Hearst Newspapers Tracks Users To Attract Digital Subscribers

Hearst Newspapers is experimenting with product development and tracking user behavior to help find and convert potential local, digital subscribers, Rob Barrett, president of digital media at Hearst Newspapers, explained at MediaPost's Publishing Insider Summit yesterday in Pinehurst, NC.

In the past, “journalism was subsidized by advertising,” Barrett said. Now, publishers have to have a “product focus… and a direct relationship with the reader to ask them to buy that product.”



About eight years ago, Hearst spun off its large websites (such as San Francisco’s SFGate.com and Houston’s Chron.com) from its main newsroom management to focus on audience development. Those sites had about 60% reach across its markets. (At the time, the Los Angeles Times had about 30% reach, Barrett said).

Over the last decade or so, Hearst has invested heavily in diversifying its digital advertising to support those sites and moved away from its reliance on newspaper subscriptions.

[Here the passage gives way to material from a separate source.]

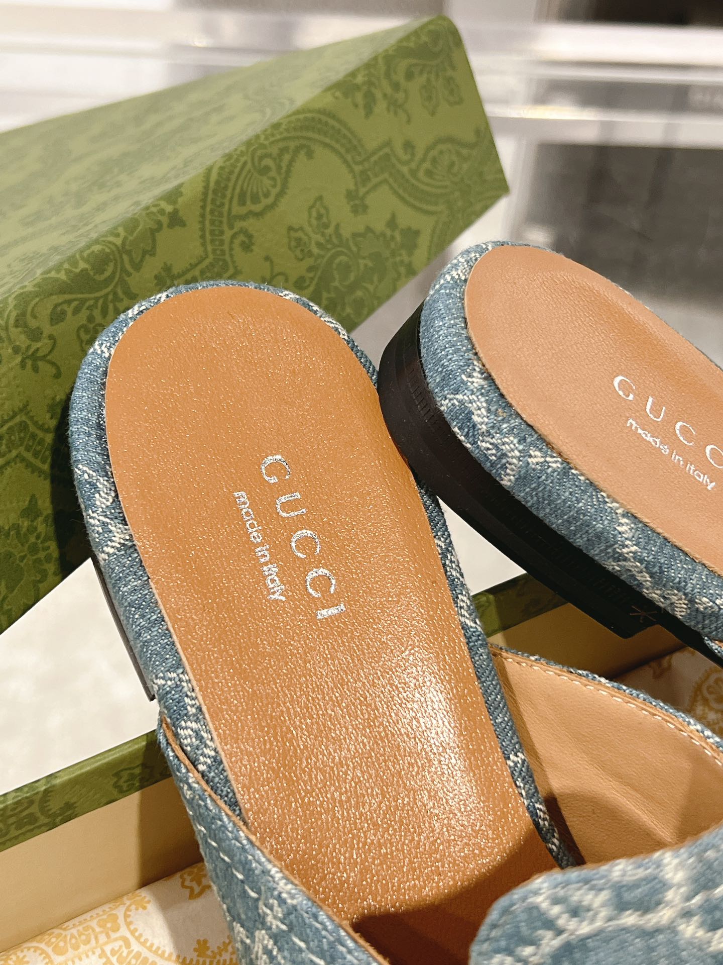 MEN'S MULE WITH HORSEBIT IN SAPHIRE BLUE MONOGRAM JACQUARD FABRIC

“Every one of Hearst markets has an agency … of digital-marketing services team, with local sales representatives,” Barrett said.

The company also has a native content business based in San Francisco that serves all of Hearst’s local markets. Its growth strategy — to diversify its advertising revenue — has “doubled the digital revenue,” Barrett said.

Because Hearst Newspapers focuses on local markets, its brands have “a limited number of consumers, so we have to be more diverse and do more things with a smaller scale to pay us back,” Barrett said.

Thus, the company has turned to the larger sites its built, like SFGate and Chron, to develop new channels and potential subscribers.

Hearst now has profiles of 90 million users across all of its markets and has tracked the behavior patterns and content consumption categories of those users.

The company can look at engaged users who come to a site 10 times a month, Barrett said, and determine what content they are consuming. Then, it can serve them targeted content, email and soon, advertising. The site's content can also be personalized and tailored for specific profiles.

For example, a user reading mostly sports coverage on a site is more likely to convert to a sports site, especially if that user is served a special package to subscribe led by a sports pitch, Barrett said. The next step: Hearst Newspapers can create or acquire a sports-driven site that will attract that profile.

“We are focusing on behavior and content consumption more than the demographic” of users, Barrett said. “With profiling, we can mine larger audiences for those that can convert and create channels to drive subscriptions.” 

Hearst is looking at tailoring a metered paywall to respond to individual behaviors, such as adjusting the number of articles a user can access for free, based on their profile.